The botched police operation to arrest international terrorists in Mamasapano has serious implications on business sentiment and the subsequent flow of investments particularly in Mindanao. The perception of risk weighs heavily on the decision-making process of investors. This is the reason no capitalist would put money in troubled places. In fact, the decades-long conflict in Mindanao has been cited as a major factor why the Philippines’ second-biggest island has failed to attract investors and lagged in terms of economic development.
It’s not that Mindanao is lacking in potential. Studies have shown that it has fertile land suited even for high-value crops, and many prospective miners have long been attracted to its rich mineral resources, although much of this interest failed to materialize into actual projects.
It is no wonder then that the business community is backing President Aquino in pushing for peace in Mindanao. If there were only peace on the island, Mindanao could easily fit the role of an economic growth driver for the Philippines. Nearly all business organizations in the country have reaffirmed their support for the peace process. These include the biggest business organization, the Philippine Chamber of Commerce and Industry, the Employers’ Confederation of the Philippines, the Financial Executives Institute of the Philippines, the Makati Business Club, the Management Association of the Philippines, and an alliance of local businessmen called Philippines Inc. Also backing the peace process are regional groups Mindanao Business Council and Cagayan de Oro Chamber of Commerce and Industry Foundation Inc., as well as the Philippine Business for Social Progress.
While extending their ‘’utmost respect and sympathies’’ to the families of the 44 Special Action Force commandos who were killed in Mamasapano, the groups cautioned the public against allowing ‘’political manipulation to take advantage of legitimate emotion and grief, to the point of trumping reason and endangering the gains we have made over the last few years.’’

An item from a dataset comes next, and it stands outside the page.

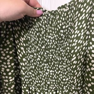 Center back zipper, elastic at cuff, elastic at shoulders, high slit, slightly puffed shoulders, slim fitting bodice, square neckline, strapless bra friendly, and unlined.
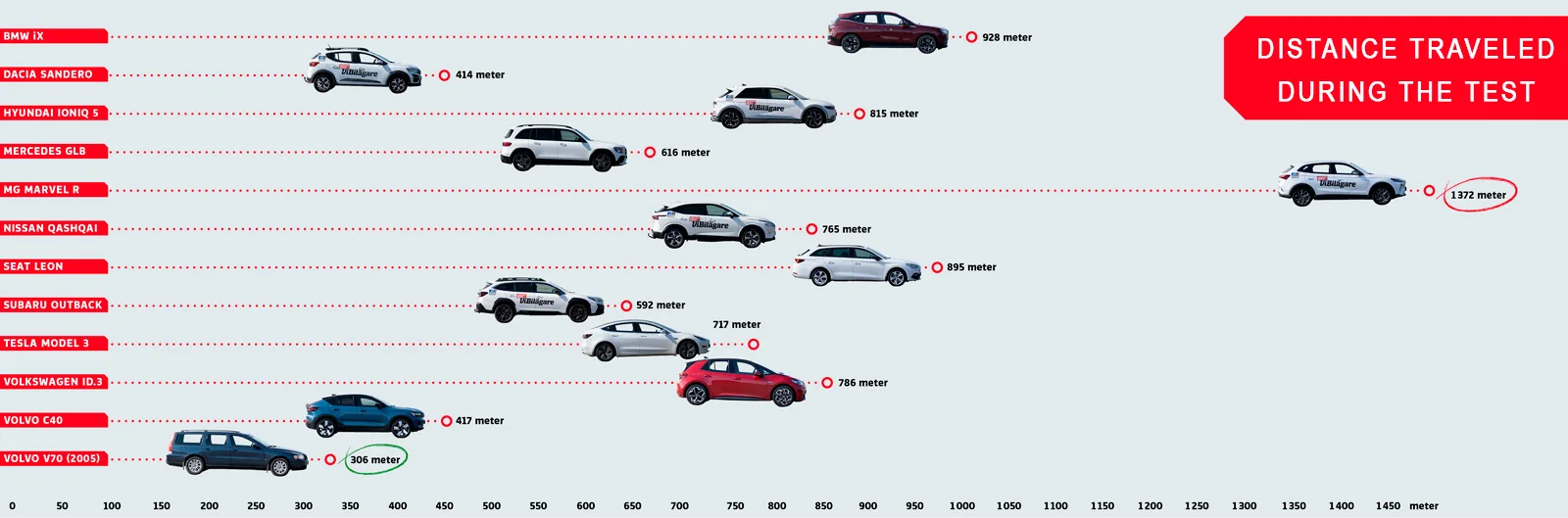The worst performer was the MG Marvel R. It traveled more than a full kilometer farther than the Volvo before the driver finished all the tasks. Completing the test took 44.9 seconds, during which the vehicle covered 1,372 meters (about 0.85 miles).

The private sector, as Philippines Inc. has suggested, should focus efforts on boosting economic development in Mindanao to secure lasting peace rather than demand the resignation of President Aquino or the abandonment of the peace process and the launch of all-out war against the Moro Islamic Liberation Front. The government, it points out, should set up economic zones or provide tax incentives that would help attract more companies to locate in Mindanao, thus creating jobs and sustainable income.
Job creation can indeed result in lasting peace in Mindanao. As Philippines Inc. notes, ‘’providing job opportunities is giving the people an option [other than] becoming mercenaries in a war.’’ Philippines Inc. is in talks with several American and foreign enterprises, all of which had expressed ‘’willingness to pour investments in Mindanao should the situation make it possible.’’
Philippine Inc. brings together some of the most respected business leaders in the country. The members of its board of trustees include Antonio Cojuangco, who serves as chair, Antonio Lopa, Jose Manuel Romualdez, ports magnate Enrique Razon, Justo ‘’Tito’’ Ortiz of Union Bank, Jollibee founder Tony Tan Caktiong, banker Aurelio Luis Montinola, Zest-O owner Alfredo Yao and Eusebio Tanco of Asian Terminals Inc.
Mindanao has missed some investment opportunities because of the crisis resulting from Mamasapano. Mohamad Omar Pasigan, president of the Bangsamoro Business Club, has been quoted in news reports as saying that billions of pesos in potential investments in Mindanao had been put at risk. He cited the group of Malaysian businessmen which cancelled its plan to inspect sites in Cotabato for small hotels and department stores, the Jordanian businessmen looking to invest in up to 50 hectares of banana farms who left abruptly without finalizing a deal, and Singaporean and Malaysian partners seeking to establish a mini-shopping mall business who decided to postpone their investment.
This is not the first time political issues have impacted negatively on the economy. The gains achieved thus far–the spectacular GDP growth rates and investment-grade credit ratings–risk going down the drain if the government fails to calm the situation in Mindanao at the soonest time possible and pursue the peace process to its positive end.